→ **Brief**
Could you copy out all of the records below exactly, leaving out every picture?

----

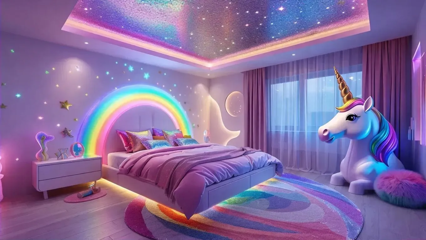 Create a magical AI-generated unicorn-themed room with vivago.ai. Design a futuristic dwelling featuring an extravagant unicorn bed, glowing neon accents, holographic decor, and a glittering stardust ceiling. Enhance your scene with rainbow nightstands, plush rugs, and iridescent details using professional AI tools for whimsical, attention-grabbing visuals.
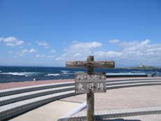 すっかりふやけた後は(笑)、大間崎へ。本州最北端の碑の周囲には、さすがに観光地らしく、他県ナンバーのクルマやバイクが何台も。写真を撮っている観光客が何組もいて、この旅で初めて、フツーの観光地に来た感じがする? 俗化してしまっていて、昨日の尻屋崎に比べて感動がないなぁ。まぁ、本州最北端に立ったという自己満足ですかね(^^;; で、これまた当然のように本州最北端のみやげ物屋で記念品と《本州最北端到達証明書》を買い、本州最北端の食堂でマグロ・アワビ・ウニ丼(\2,000)を食べたりするわけです(苦笑)。
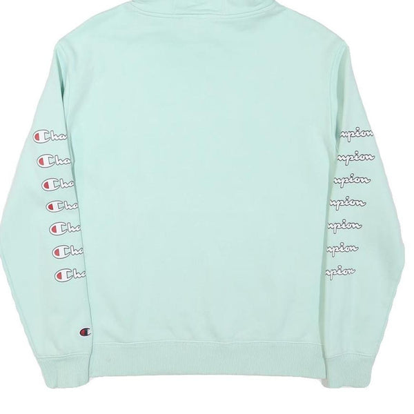 CHAMPION Mens Mint Green Hoodie S Double Sleeve Logo Graphic Pullover Cotton
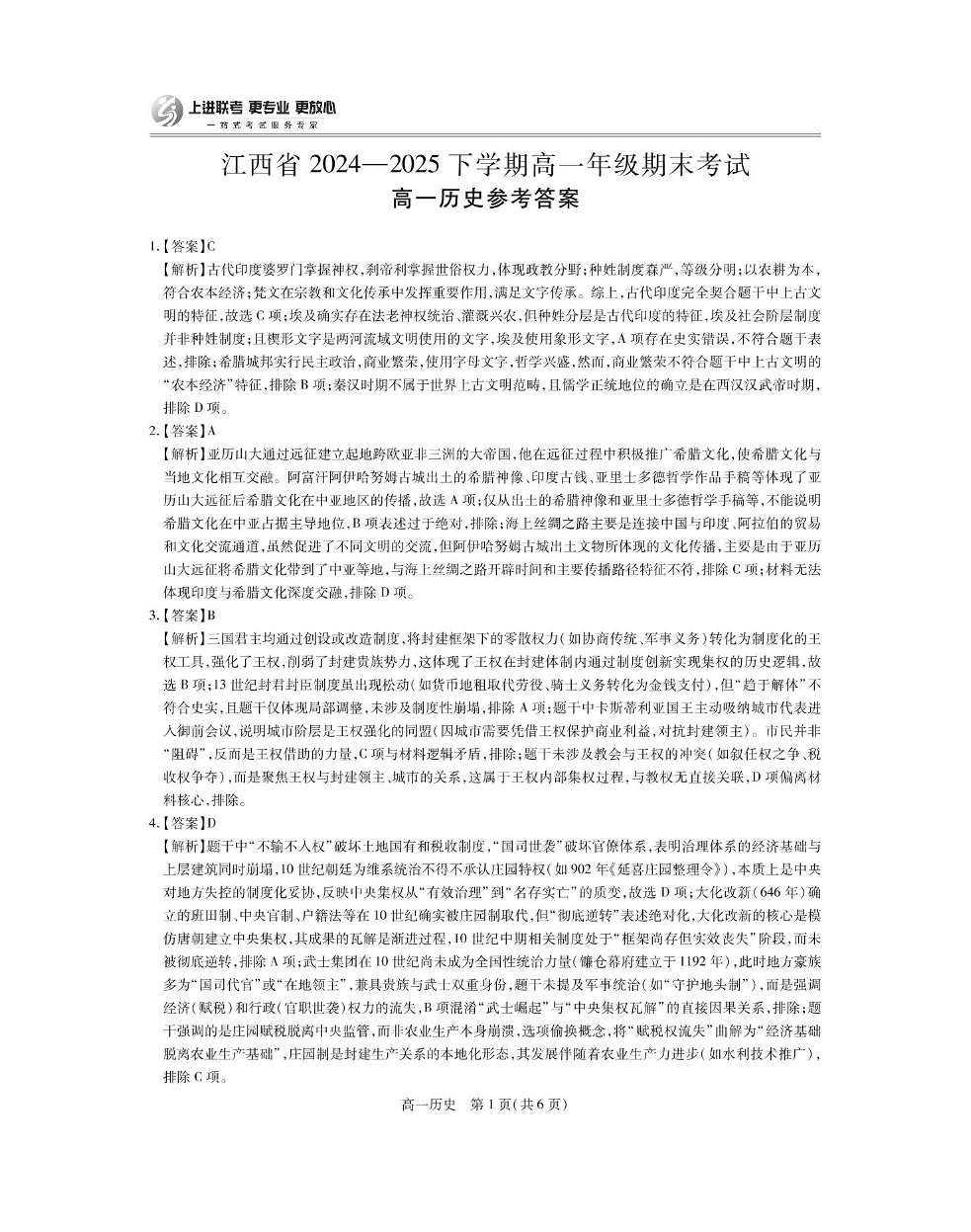 江西省上进教育联考2024-2025学年高一下学期期末考试历史答案
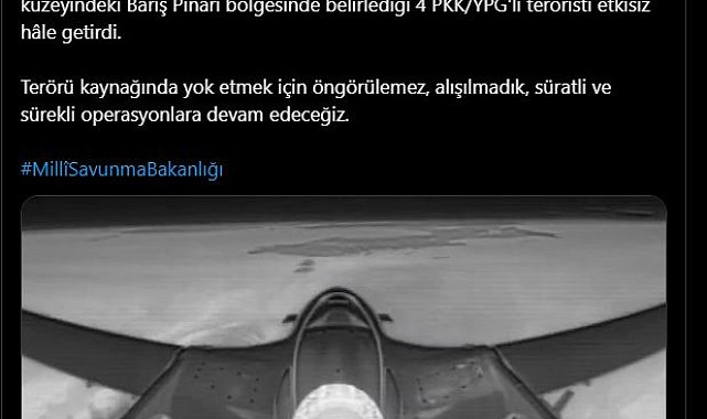 MİLLİ Savunma Bakanlığı (MSB), Irak'ın kuzeyinde 3 PKK'lı terörist ile Suriye'nin kuzeyinde 4 PKK/YPG'li teröristin etkisiz hale getirildiğini açıkladı.Bakanlığın sosyal medya hesabından yapılan açıklamada, "Terörist neredeyse hedefimiz orası. Kahraman Türk Silahlı Kuvvetlerimiz, Irak'ın kuzeyindeki Haftanin ve Pençe-Kilit Operasyonu bölgelerinde tespit ettiği 3 PKK'lı terörist ile Suriye'nin kuzeyindeki Barış Pınarı bölgesinde belirlediği 4 PKK/YPG'li teröristi etkisiz hale getirdi. Terörü kaynağında yok etmek için öngörülemez, alışılmadık, süratli ve sürekli operasyonlara devam edeceğiz" denildi.
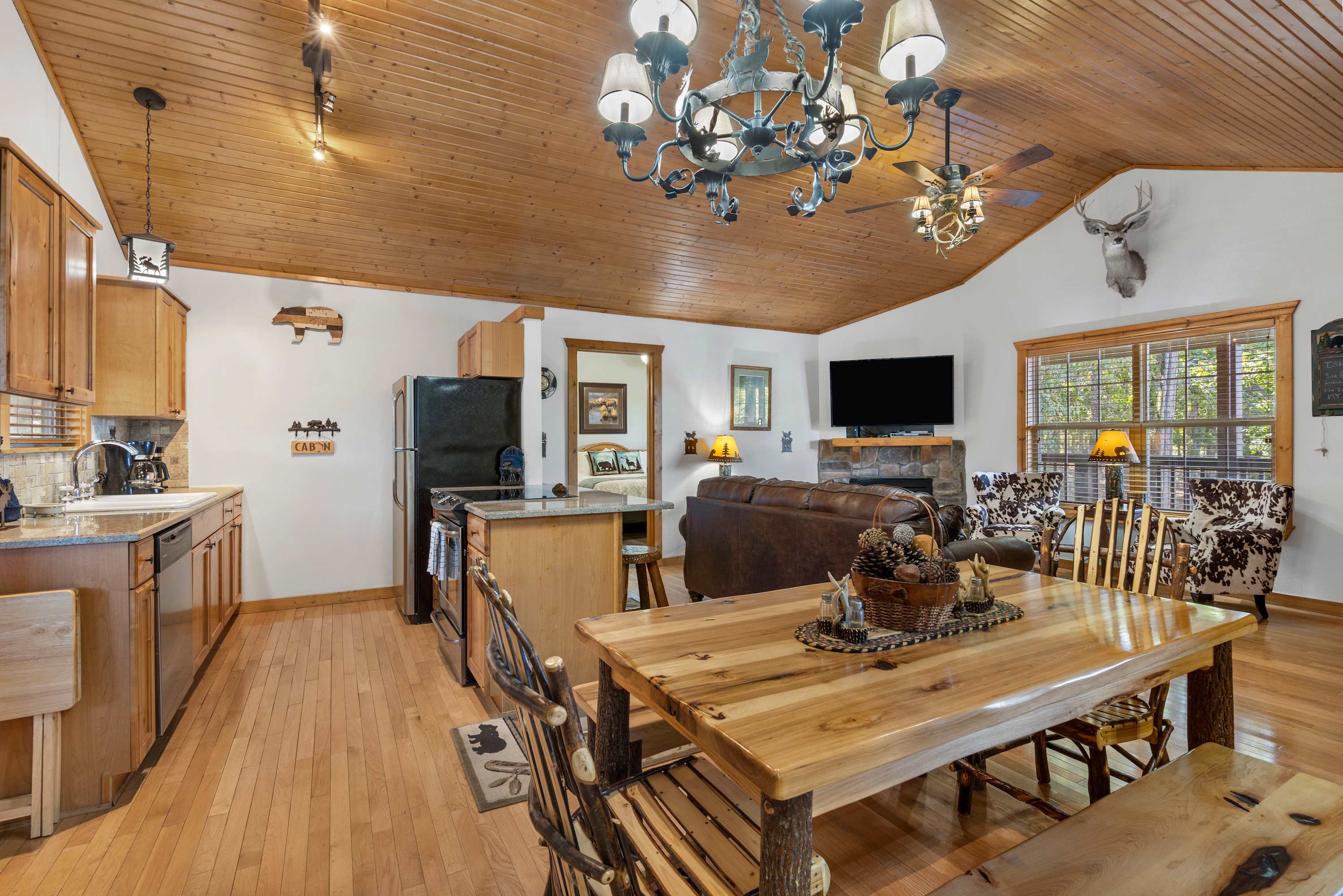 A beautifully maintained home with neutral decor. This rental is ideal for a group who is looking to enjoy Branson’s most sought-after attractions and come back to a comfortable stay. The open living space boasts ample seating, Smart TV, fireplace (currently out of order), and access to the deck. The deck is a major bonus to this tasteful abode with outdoor seating - perfect for a morning brew, or a nightcap under the stars.
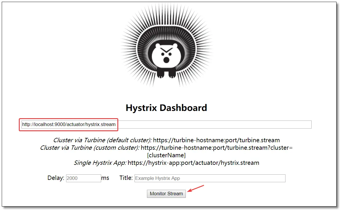访问:http://localhost:9000/hystrix 监控中心界面如下:
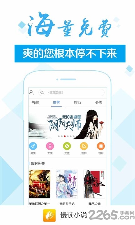 慢读小说app是一款专业性的手机阅读软件,该软件汇集了海量的小说资源,不仅是名著实体小说,还有网络小说等.让用户轻松免费阅读,并且还分门别类的整理,方便用户更好的浏览,打造最好的阅读体验.感兴趣的朋友可以来2265安卓网下载.

----

→ **Response to the task**
 Create a magical AI-generated unicorn-themed room with vivago.ai. Design a futuristic dwelling featuring an extravagant unicorn bed, glowing neon accents, holographic decor, and a glittering stardust ceiling. Enhance your scene with rainbow nightstands, plush rugs, and iridescent details using professional AI tools for whimsical, attention-grabbing visuals.
 すっかりふやけた後は(笑)、大間崎へ。本州最北端の碑の周囲には、さすがに観光地らしく、他県ナンバーのクルマやバイクが何台も。写真を撮っている観光客が何組もいて、この旅で初めて、フツーの観光地に来た感じがする? 俗化してしまっていて、昨日の尻屋崎に比べて感動がないなぁ。まぁ、本州最北端に立ったという自己満足ですかね(^^;; で、これまた当然のように本州最北端のみやげ物屋で記念品と《本州最北端到達証明書》を買い、本州最北端の食堂でマグロ・アワビ・ウニ丼(\2,000)を食べたりするわけです(苦笑)。
 CHAMPION Mens Mint Green Hoodie S Double Sleeve Logo Graphic Pullover Cotton
 江西省上进教育联考2024-2025学年高一下学期期末考试历史答案
 MİLLİ Savunma Bakanlığı (MSB), Irak'ın kuzeyinde 3 PKK'lı terörist ile Suriye'nin kuzeyinde 4 PKK/YPG'li teröristin etkisiz hale getirildiğini açıkladı.Bakanlığın sosyal medya hesabından yapılan açıklamada, "Terörist neredeyse hedefimiz orası. Kahraman Türk Silahlı Kuvvetlerimiz, Irak'ın kuzeyindeki Haftanin ve Pençe-Kilit Operasyonu bölgelerinde tespit ettiği 3 PKK'lı terörist ile Suriye'nin kuzeyindeki Barış Pınarı bölgesinde belirlediği 4 PKK/YPG'li teröristi etkisiz hale getirdi. Terörü kaynağında yok etmek için öngörülemez, alışılmadık, süratli ve sürekli operasyonlara devam edeceğiz" denildi.
 A beautifully maintained home with neutral decor. This rental is ideal for a group who is looking to enjoy Branson’s most sought-after attractions and come back to a comfortable stay. The open living space boasts ample seating, Smart TV, fireplace (currently out of order), and access to the deck. The deck is a major bonus to this tasteful abode with outdoor seating - perfect for a morning brew, or a nightcap under the stars.
访问:http://localhost:9000/hystrix 监控中心界面如下:
 慢读小说app是一款专业性的手机阅读软件,该软件汇集了海量的小说资源,不仅是名著实体小说,还有网络小说等.让用户轻松免费阅读,并且还分门别类的整理,方便用户更好的浏览,打造最好的阅读体验.感兴趣的朋友可以来2265安卓网下载.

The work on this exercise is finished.